Former congressman Bart Stupak was the lynchpin of health reform's passage, and he paid a price for it in the end.
The pro-life, Michigan Democrat led a small but powerful bloc of Democratic lawmakers to oppose the bill because of its language on federal funding of abortions. Seemingly at the last minute, Stupak and the White House hammered out a compromise, his pro-life allies supported the bill, and it passed by a thin margin.
After that, Stupak received a death threat. Facing outside spending in his district and a vitriolic political climate, he decided not to run for reelection. Now, he's a visiting fellow at Harvard's Institute of Politics.
On health care reform's first birthday, Stupak told The Atlantic about getting "bitch[ed] out" by angry citizens in airports, how he and President Obama reached the deal that secured the bill's passage, and that Rahm Emanuel knows better than to get in his face.
A lightly edited transcript, with some questions and parts of answers excised:
How do you look back on health care reform now, as a time in American politics and as a moment in Congress?
Well it certainly was a historic debate. It wasn't Congress's best time, especially when you had people like some Republican members off the Speaker's Lobby urging protesters on the ground--I thought that was unbecoming of members of Congress--and you know members were spit on and threatened as they walked over to vote. I don't think that was a very glorious moment in our history, but from a historical point of view the health care legislation is historic. It's the law of the land, and it's being implemented. And I find it amusing that even states that declare it unconstitutional are implementing it.

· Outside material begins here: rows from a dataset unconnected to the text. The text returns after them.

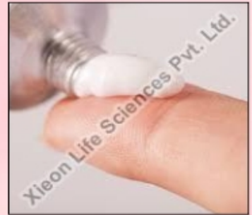
CLOTRIMAZOLE 1% BECLOMETHASONE CREAM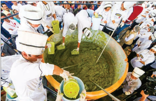
Volunteers from a culinary school mix mashed avocados as they attempt to set a new Guinness World Record for the largest serving of guacamole in Concepcion de Buenos Aires, Jalisco, Mexico on 3 September, 2017.

United States were meeting in the Mexican capital this weekend to revamp the 23-year-old NAFTA accord that Trump has threatened to end if he does not get concessions to curb a trade deficit with Mexico.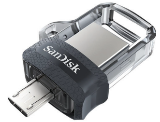
Save files in mobile or with your PC with Sandisk OTG Ultra Dual USB Drive.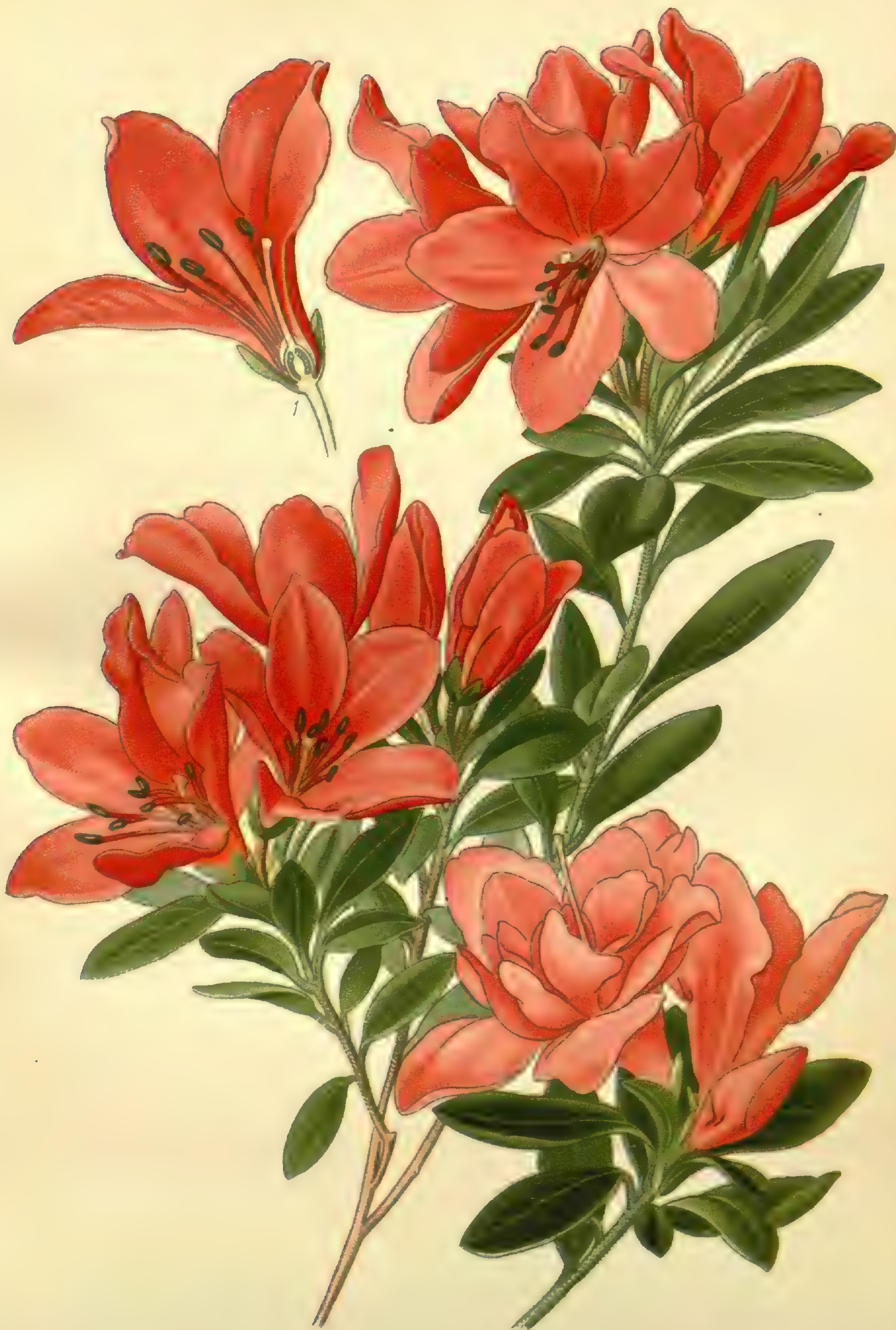
AZALEA (AZALEA INDICA)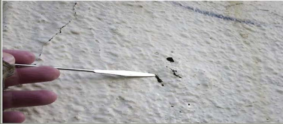
Figure 7. Debonded paint coating with organic growth under coating.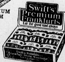
SWIFT'S PREMIUM FRANKFURTS

Are you still a supporter of the law?
Oh, absolutely. It's not the most perfect law, and there's going to be changes--we all know that--but, boy, it's a good foundation from which to build off.

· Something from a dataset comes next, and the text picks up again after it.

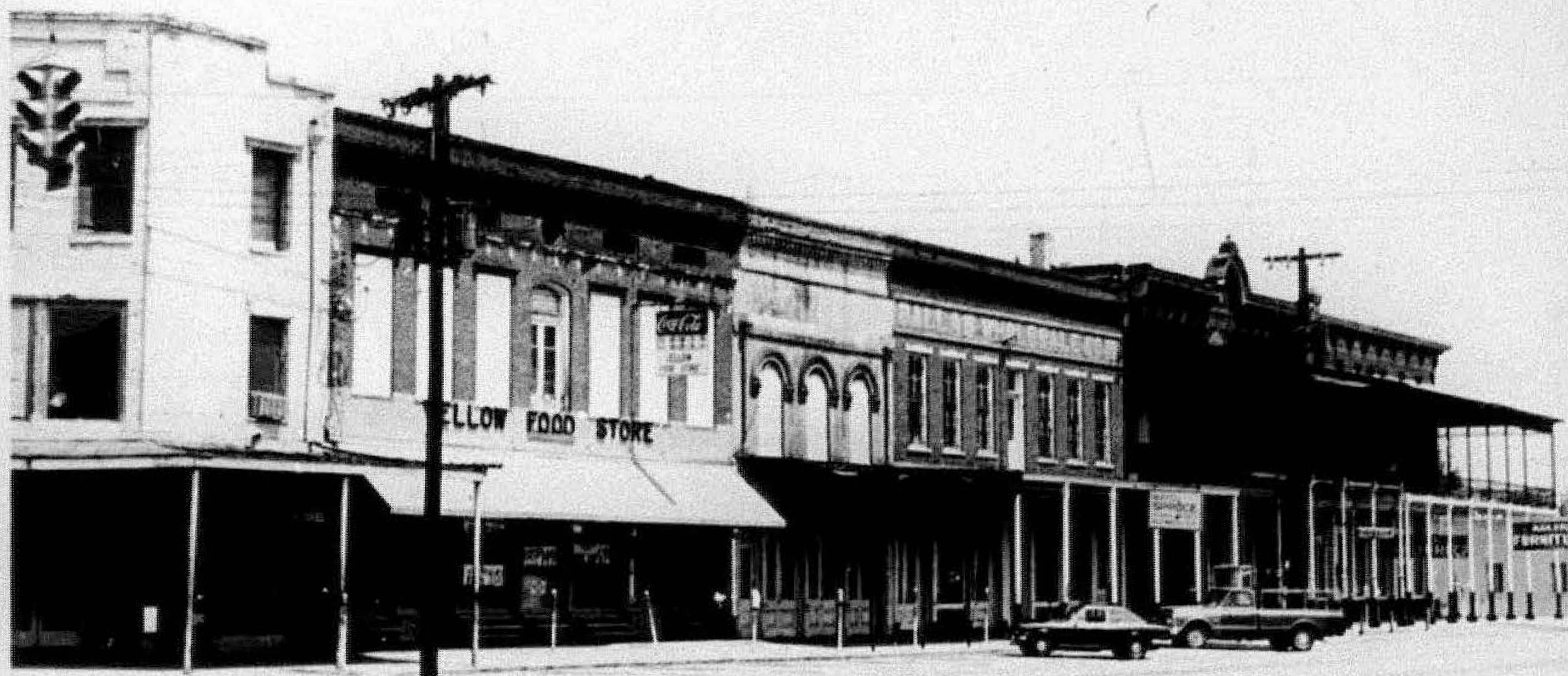
Northside of Water Avenue between Franklin & Washington

What do you think, specifically, could change about it?
Well I'm sure as they go through, states will do different things. Some of the states have asked for--I don't want to say exceptions, but a waiver because they already do this part of that part, so I expect there's going to be some changes along those lines. One of the changes I see with all these things on collective bargaining, whether it's Wisconsin or wherever, if the employee's paying part of it, and the employer, being the state or whoever it is, is paying part of it, I could see them trying to spread that cost around, so you don't hit that 'Cadillac plan' insurance, which goes into effect in about 2016 I think it was, so I see some changes going on there. The challenges to the constitutionality of it, I don't see that as being threatening to it. And as with anything else, like with Medicare, there will be some changes to it.
"I still get accosted ... Fortunately, I get more pats on the back than people cussing me out."
Do you have any regrets over how it all went?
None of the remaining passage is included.